__SUPPLIED DATA__:
━━━━━━━━━━
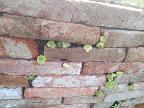 Mit viel Fleiß haben wir aus alten Ziegelsteinen eine Mauer gebaut. In den Zwischenräumen dürfen Insekten einziehen und wohnen.
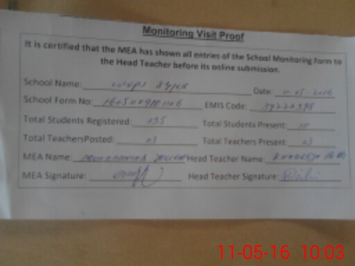 | Certified that this School was Inspected by the Undersigned MEA/DMO Today and the Information Stated Above is as Per Record. | |||||
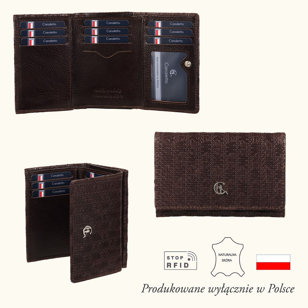 Każdy portfel Canaletto powstaje w rodzinnej manufakturze, gdzie tradycyjne rzemiosło łączy się z nowoczesnymi technologiami. Precyzyjne wykonanie, najwyższej jakości materiały i dbałość o detale sprawiają, że jest to produkt stworzony na lata.
━━━━━━━━━━
Omit the pictures, then quote the rest of the material above exactly.

__EXERCISE ANSWER__:
 Mit viel Fleiß haben wir aus alten Ziegelsteinen eine Mauer gebaut. In den Zwischenräumen dürfen Insekten einziehen und wohnen.
 | Certified that this School was Inspected by the Undersigned MEA/DMO Today and the Information Stated Above is as Per Record. | |||||
 Każdy portfel Canaletto powstaje w rodzinnej manufakturze, gdzie tradycyjne rzemiosło łączy się z nowoczesnymi technologiami. Precyzyjne wykonanie, najwyższej jakości materiały i dbałość o detale sprawiają, że jest to produkt stworzony na lata.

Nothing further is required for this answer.